GOAL OF THE EXERCISE: Nothing but the lines below from the one holding "AirTag挿入部分とストラ" up to and including the one holding "Benign pigmented lesions" should be copied, exactly and without pictures.

SUPPLIED DATA:

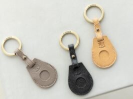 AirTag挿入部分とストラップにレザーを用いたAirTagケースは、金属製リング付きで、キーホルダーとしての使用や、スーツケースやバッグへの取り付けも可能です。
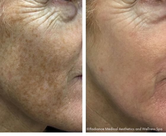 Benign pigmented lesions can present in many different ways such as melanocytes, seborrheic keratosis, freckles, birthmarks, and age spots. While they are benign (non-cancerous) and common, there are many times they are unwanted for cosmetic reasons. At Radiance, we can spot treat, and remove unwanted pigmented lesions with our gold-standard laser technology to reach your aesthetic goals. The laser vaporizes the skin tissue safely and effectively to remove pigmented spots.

==

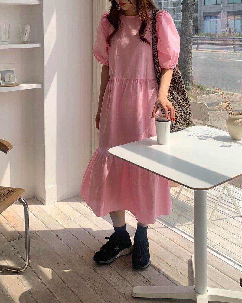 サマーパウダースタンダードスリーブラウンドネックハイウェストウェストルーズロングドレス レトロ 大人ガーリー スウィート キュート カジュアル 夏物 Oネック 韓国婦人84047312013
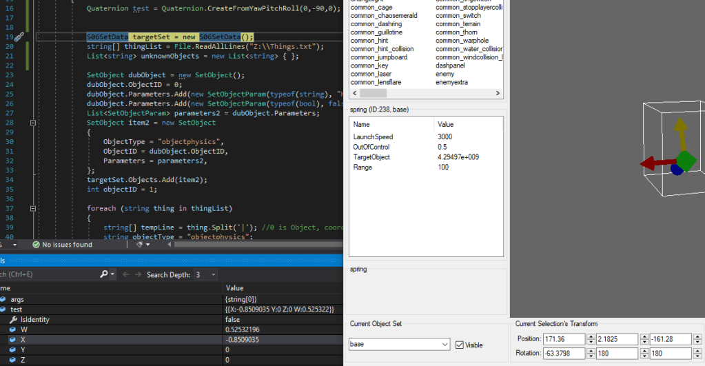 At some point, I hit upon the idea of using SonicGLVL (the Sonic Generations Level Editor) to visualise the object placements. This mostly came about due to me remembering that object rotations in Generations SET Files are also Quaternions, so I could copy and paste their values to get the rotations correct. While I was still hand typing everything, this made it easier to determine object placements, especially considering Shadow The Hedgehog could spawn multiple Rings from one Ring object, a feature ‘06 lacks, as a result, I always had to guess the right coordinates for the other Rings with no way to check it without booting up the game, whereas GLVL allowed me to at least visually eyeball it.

TASK ANSWER:
 AirTag挿入部分とストラップにレザーを用いたAirTagケースは、金属製リング付きで、キーホルダーとしての使用や、スーツケースやバッグへの取り付けも可能です。
 Benign pigmented lesions can present in many different ways such as melanocytes, seborrheic keratosis, freckles, birthmarks, and age spots. While they are benign (non-cancerous) and common, there are many times they are unwanted for cosmetic reasons. At Radiance, we can spot treat, and remove unwanted pigmented lesions with our gold-standard laser technology to reach your aesthetic goals. The laser vaporizes the skin tissue safely and effectively to remove pigmented spots.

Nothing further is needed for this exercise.